On November 9, Ron Sims threw down a world-changing challenge to a hall packed with marine scientists, resource managers, environmentalists, and the odd oyster grower. Now, unlike most politicians' rhetorical flourishes, that challenge has born fruit.
The occasion was a first-ever Symposium on Ocean Acidification convened by Washington Sea Grant at the University of Washington’s Center for Urban Horticulture. The scientists explained what they'd uncovered about a threat that is both oceanic in scale and uniquely regional in character, which threatens the Northwest’s cherished shellfish industry in the short run and the survival of the marine biosphere and all the terrestrial life that depends on it in the longer run.
“Okay, you’ve laid out the problem,” exclaimed Sims, the former King County executive, who’d washed up back in Seattle after a stint in D.C. and resurfaced as a marine environmental statesman. “Now tell me what we can do!” Boil it down, he pled in his most plaintive preacher tones. Cut the fancy explanations and give us political and policy types concrete steps we can take to correct it.
Last Friday, an answer arrived. A who’s who of state, federal, tribal, commercial, and scientific actors (and Ron Sims) gathered to begin hashing out a defense against an emerging threat most Americans probably haven’t even heard of: global warming’s evil twin, ocean acidification, OA for short. Gov. Chris Gregoire had chartered a new Blue Ribbon Panel on Ocean Acidification to sift a flood of new scientific data and real-world experience and distill a suite of concrete policy recommendations for surviving, mitigating, and preventing acidification.
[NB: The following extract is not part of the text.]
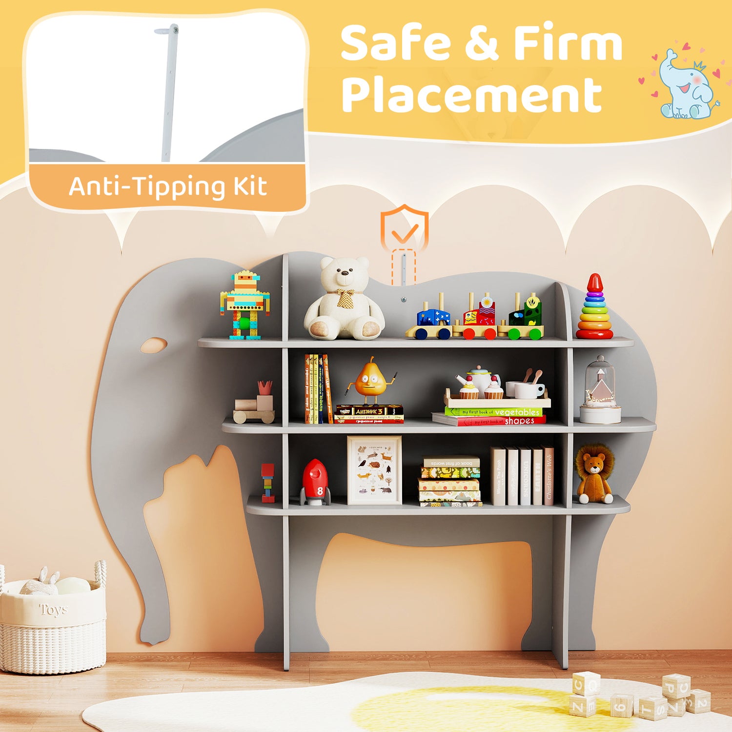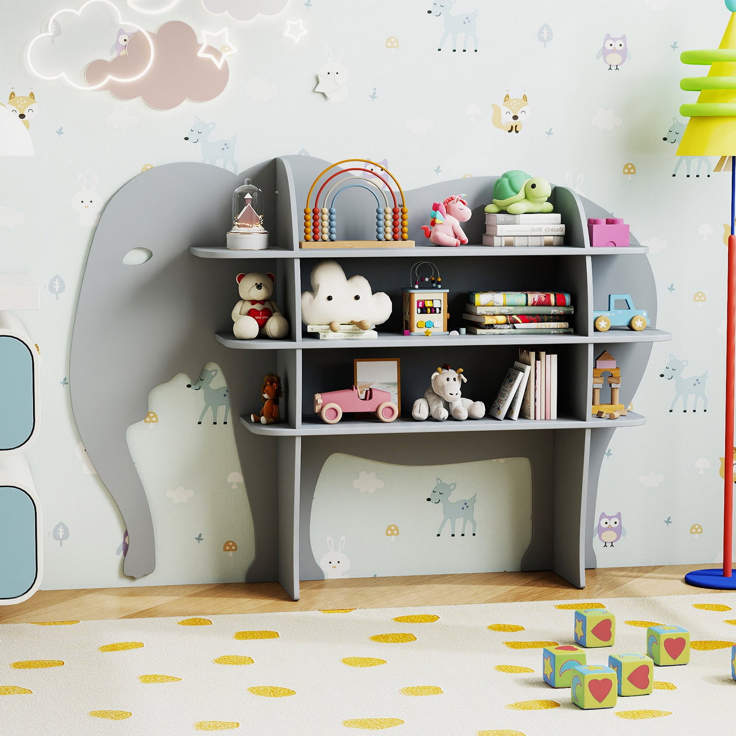 Elephant Kids Bookshelf, 3-Tier Toddler Bookcase for Toy Storage

That brief and the new panel’s membership both recall the state's other marine environmental panel, the Puget Sound Partnership’s Leadership Council. Sure enough, the Partnership’s founding chair, William Ruckelshaus (also the founding administrator of the U.S. Environmental Protection Agency and a veteran of many other state, national, and international enviromental commissions) is once again lending his experience and gravitas as the acidification panel’s co-chair. (Jay Manning, formerly Gregoire's chief of staff and state Department of Ecology director, is the other chair, and state Natural Resources Commissioner Peter Goldmark is an unofficial third.) But there’s one key difference: Where the Partnership is an ongoing agency, attesting to the persistence of Puget Sound’s pollution woes, the acidification panel has got a tight schedule and a short deadline: to assemble its findings and policy recommendations by July, and complete its report in September.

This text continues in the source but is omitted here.